Tailor communication to phenotype. For limb weakness, highlight inconsistency and preserved automatic function seen during walking or contralateral activation. For tremor or jerks, emphasize variability, distractibility, and entrainment, connecting these to retraining strategies and sensory tricks used in therapy. For functional seizures, explain that episodes are dissociative events with a recognizable pattern, that they are not epileptic, and that treatment focuses on trigger recognition, grounding techniques, and specialized therapy; provide clear guidance on driving, safety plans, and when to seek urgent care.
Validate coexisting problems and comorbidity without diluting the message. “Migraine and pain can amplify symptoms; we will treat those alongside FND.” If ancillary tests were done, frame results as supportive context: “Your video-EEG captured a typical event without epileptic activity, which aligns with today’s examination,” or “MRI was normal, consistent with a functional mechanism.” This integrates the neurology assessment with test findings and avoids implying that normal tests negate suffering.
Provide written resources and a pathway. Offer a brief summary letter that names the diagnosis, lists the positive signs demonstrated in clinic, outlines the treatment plan, and includes reputable patient education links and emergency guidance. Encourage patients to share the letter with family, employers, and therapists to align expectations and reduce repeated explanations that can be exhausting.
Include family or caregivers when possible. Invite them to observe demonstrations and practice supportive responses that avoid inadvertently reinforcing symptoms, such as shifting attention to an external task rather than repeatedly checking the affected limb. Align on practical goals: returning to school or work with accommodations, resuming driving when criteria are met, and pacing activities to avoid boom–bust cycles.

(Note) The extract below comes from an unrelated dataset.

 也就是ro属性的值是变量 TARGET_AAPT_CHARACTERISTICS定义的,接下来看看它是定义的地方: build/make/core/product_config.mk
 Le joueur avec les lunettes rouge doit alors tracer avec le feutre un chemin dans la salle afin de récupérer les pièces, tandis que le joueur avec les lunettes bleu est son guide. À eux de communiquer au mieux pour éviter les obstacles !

Plan follow-up with clear milestones. “By our next visit we’ll aim for walking two blocks without symptoms by using the same cueing strategies that helped today.” Define what improvement looks like—greater time in valued activities, fewer events, smoother movement—rather than only symptom counts. Anticipate fluctuations and frame them as expected during retraining, not as failure.

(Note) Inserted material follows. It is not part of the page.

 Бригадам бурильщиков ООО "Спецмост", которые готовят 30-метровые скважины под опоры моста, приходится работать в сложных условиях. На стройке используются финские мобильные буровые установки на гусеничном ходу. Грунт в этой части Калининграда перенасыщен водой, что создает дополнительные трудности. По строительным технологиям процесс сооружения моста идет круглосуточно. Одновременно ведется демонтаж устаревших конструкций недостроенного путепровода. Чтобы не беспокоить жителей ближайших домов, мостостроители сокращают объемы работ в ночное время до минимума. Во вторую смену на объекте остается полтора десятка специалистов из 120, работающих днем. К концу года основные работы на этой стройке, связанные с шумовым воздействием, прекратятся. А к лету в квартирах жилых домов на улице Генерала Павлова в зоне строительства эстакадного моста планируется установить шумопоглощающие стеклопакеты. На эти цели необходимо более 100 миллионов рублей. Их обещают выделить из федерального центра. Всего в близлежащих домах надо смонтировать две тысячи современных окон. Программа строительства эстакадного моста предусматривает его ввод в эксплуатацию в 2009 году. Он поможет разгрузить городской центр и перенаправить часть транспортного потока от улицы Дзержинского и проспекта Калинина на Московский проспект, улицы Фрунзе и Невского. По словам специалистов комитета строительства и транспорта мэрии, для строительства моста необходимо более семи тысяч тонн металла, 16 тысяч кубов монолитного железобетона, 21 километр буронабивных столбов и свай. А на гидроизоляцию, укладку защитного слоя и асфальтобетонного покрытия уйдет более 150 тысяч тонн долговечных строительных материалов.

When skepticism or prior negative experiences are prominent, acknowledge them and separate the message from past labeling. “It makes sense you’re cautious after many appointments. What is different today is that we observed features that positively identify FND and we can show how they change. That gives us a clear target for treatment.” Offer a second-look visit or a joint session with physiotherapy or psychology to consolidate understanding.
Document communication thoroughly. Record the rule-in evidence shown to the patient, their understanding using teach-back, the agreed plan, and safety-netting instructions. Clear documentation supports continuity across clinicians and reinforces that the diagnosis rests on observable, reproducible findings tied to a practical rehabilitation strategy.